Going to Sicily - Rumination on Immigration and Loss (Part 2 of ???)

In the last post, which was basically prologue, I discussed my keen interest in reconnecting with my family's history and how that played into going to Sicily. With this post, I think I should introduce you to a few names and characters.

First, my great-grandfather was named Fortunato Trovato, who was born in 1880 in the town of Troina, in the province of Enna, on the island of Sicily. As discussed before, Troina is the Italian version of its original name in Sicilian, or Traina. For those of you who don't speak Italian or Sicilian, the name "Fortunato" translates as lucky, which my great-grandfather certainly was not. In addition to being one of those Troinese so poor that he had to leave Sicily, my great-grandfather died young-ish in some sort of industrial accident. He was an incredibly kind man, who loved his children (my grandmother and her siblings), and was the light touch as far as discipline in the family. By all accounts, he was a really good guy.

His wife, and my great-grandmother was Giuseppa Schinocca (pronounced skin-oh-ka), also born in Troina in 1883. She was Fortunato's second wife, as his first wife and child died very young (again, my great-grandfather's name was painfully ironic). Where the accounts of my great-grandfather all paint him as a kind-hearted man, the accounts of my great-grandmother were of her indomitability. She was the disciplinarian of the kids (who used to hide until my great-grandfather came home), and when her husband died, my great-grandmother worked her ass off to provide for her many children. Not only that, but she would send whatever spare money she had back to her family in Sicily. When her children were grown, she traveled. First, back home to Sicily, by herself, in her 60s. Then she visited her grandchildren, including my godfather when he was stationed in California (something I will discuss later). 

These were the parents of my grandmother, Rose Trovato. Her husband, my grandfather, is James Treglio. Unlike the Trovato family history, the Treglio family history is murky thanks to name changes and annoyingly bad record-keeping by Italian authorities. Also, some bad handwriting by immigration authorities in New York. And apparently a sign-maker in New Jersey who wasn't diligent about spelling.
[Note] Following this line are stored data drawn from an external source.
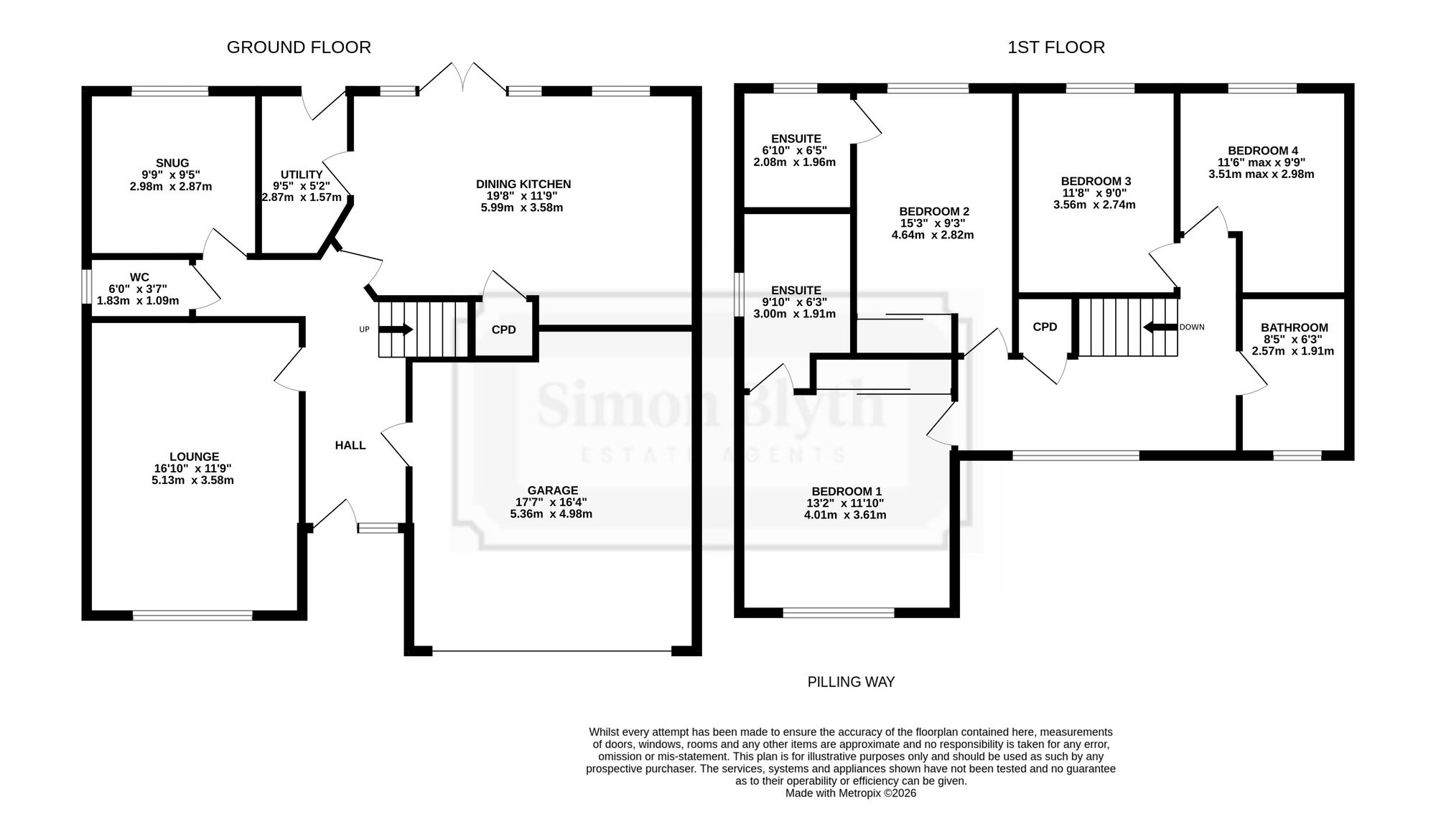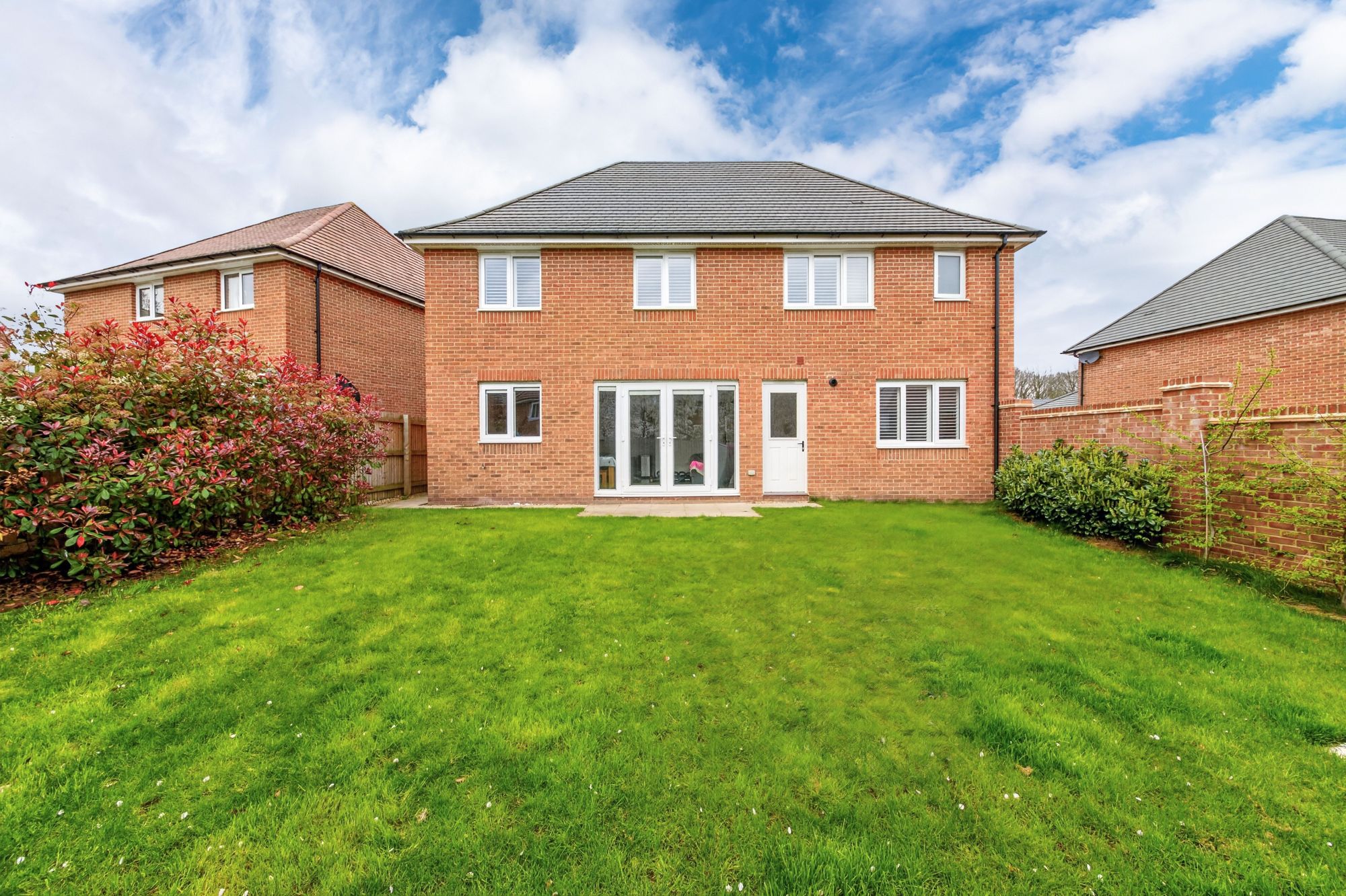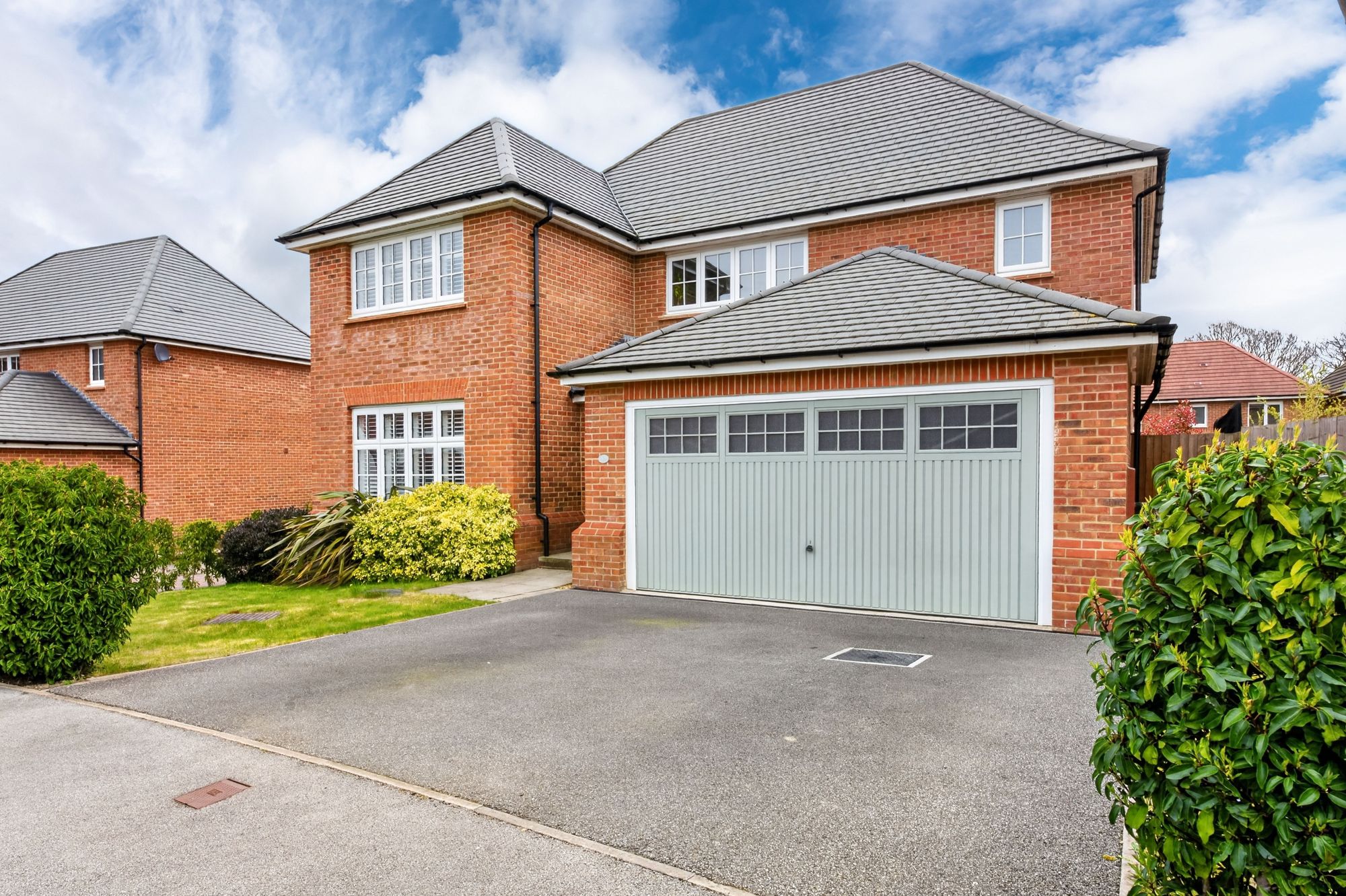 The property accommodation briefly comprises of entrance hall, downstairs WC, lounge, open-plan dining-kitchen with upgraded fixtures and fittings and with French doors leading to the rear garden, utility room and double integral garage to the ground floor. To the first floor there are four double bedrooms and the house bathroom, bedrooms one and two having ensuite shower room facilities. Externally there is a double driveway to the front, with lawn garden, to the rear is an enclosed garden with flat lawn and with two patio areas ideal for alfresco dining.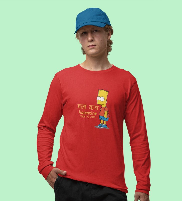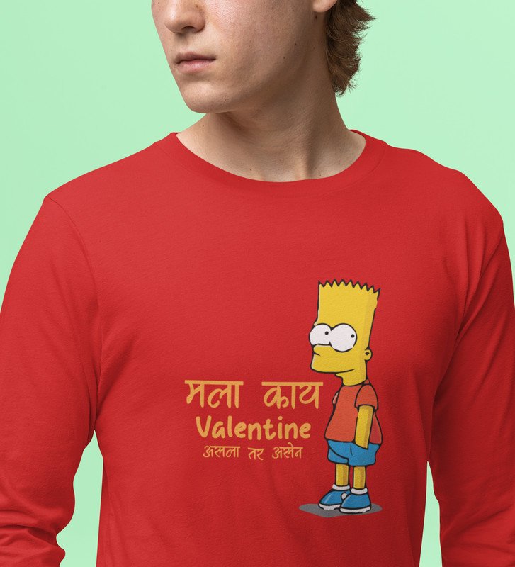 I Don't Care If I Am Valentine: (red) Full Sleeve T-Shirt For Singles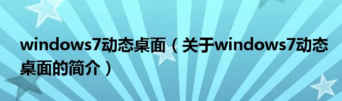 本文關于windows7動態桌面的簡介就講解完畢,希望對大家有所幫助。

All this belies the fact that the Italian side of my family were peasants. Names and birth records weren't important to the Italian authorities because my great-grandparents weren't important. They weren't farmers, they were farm laborers, and day laborers, and whatever else you they could be. My great-grandfather's home (recently renovated) is now on the market for 20,000 Euro, and has one window. For the entire multifloor unit. 

In the United States, though, the children and grandchildren of Fortunato and Giuseppa Trovato are not peasants. We are scientists, teachers, dentists, lawyers, economists, architects, financial planners, FBI agents, lobbyists, and we broke through a few years ago with our first actual M.D. It's such that, as my father told me, even though his mother did not graduate from high school, when he got his Ph.D. in plasma physics, the family sort of yawned. He wasn't the first to go to college, and by that time, he wasn't even the first to get an advanced degree in the sciences. 

And so we, the grandchildren and great-grandchildren of the ironically named Fortunato Trovato, and the indomitable Guiseppa Schinocca, traveled to the city fortress of Troina, the heart of the Norman Conquest of Sicily.